▸ **What to work on**: Of the lines in the material below, print only those from the one containing "TikTok Shopクリエ" to the one containing "民国时期漆器镶嵌螺钿印油盒,工艺复杂细腻、花卉纹饰精美", ends included, exactly as written and without pictures.

▸ **Material to process**:

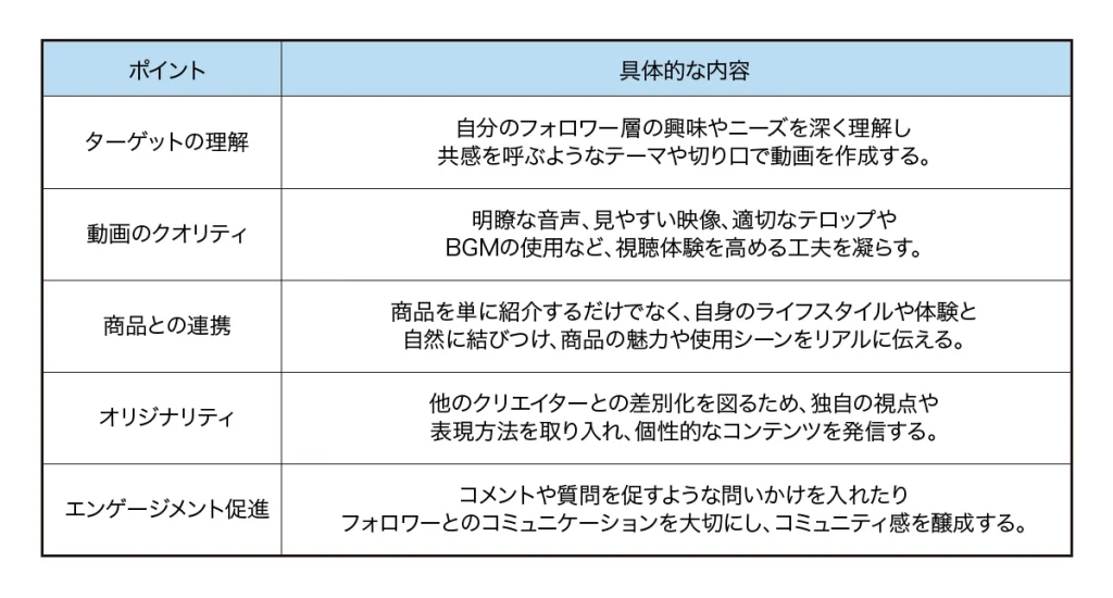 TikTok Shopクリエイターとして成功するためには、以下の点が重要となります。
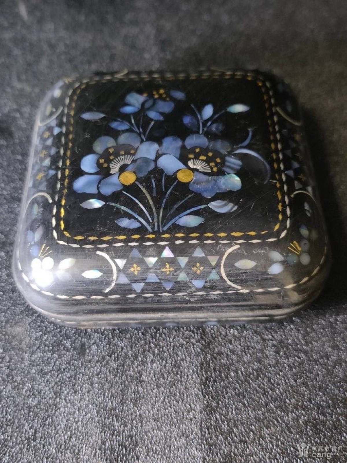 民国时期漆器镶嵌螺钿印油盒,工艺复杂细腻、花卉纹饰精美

...

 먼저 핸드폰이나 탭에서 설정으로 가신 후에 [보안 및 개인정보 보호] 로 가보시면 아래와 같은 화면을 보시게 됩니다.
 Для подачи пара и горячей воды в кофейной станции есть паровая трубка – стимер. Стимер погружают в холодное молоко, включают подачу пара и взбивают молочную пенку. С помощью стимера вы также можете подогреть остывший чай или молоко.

▸ **Completed task**:
 TikTok Shopクリエイターとして成功するためには、以下の点が重要となります。
 民国时期漆器镶嵌螺钿印油盒,工艺复杂细腻、花卉纹饰精美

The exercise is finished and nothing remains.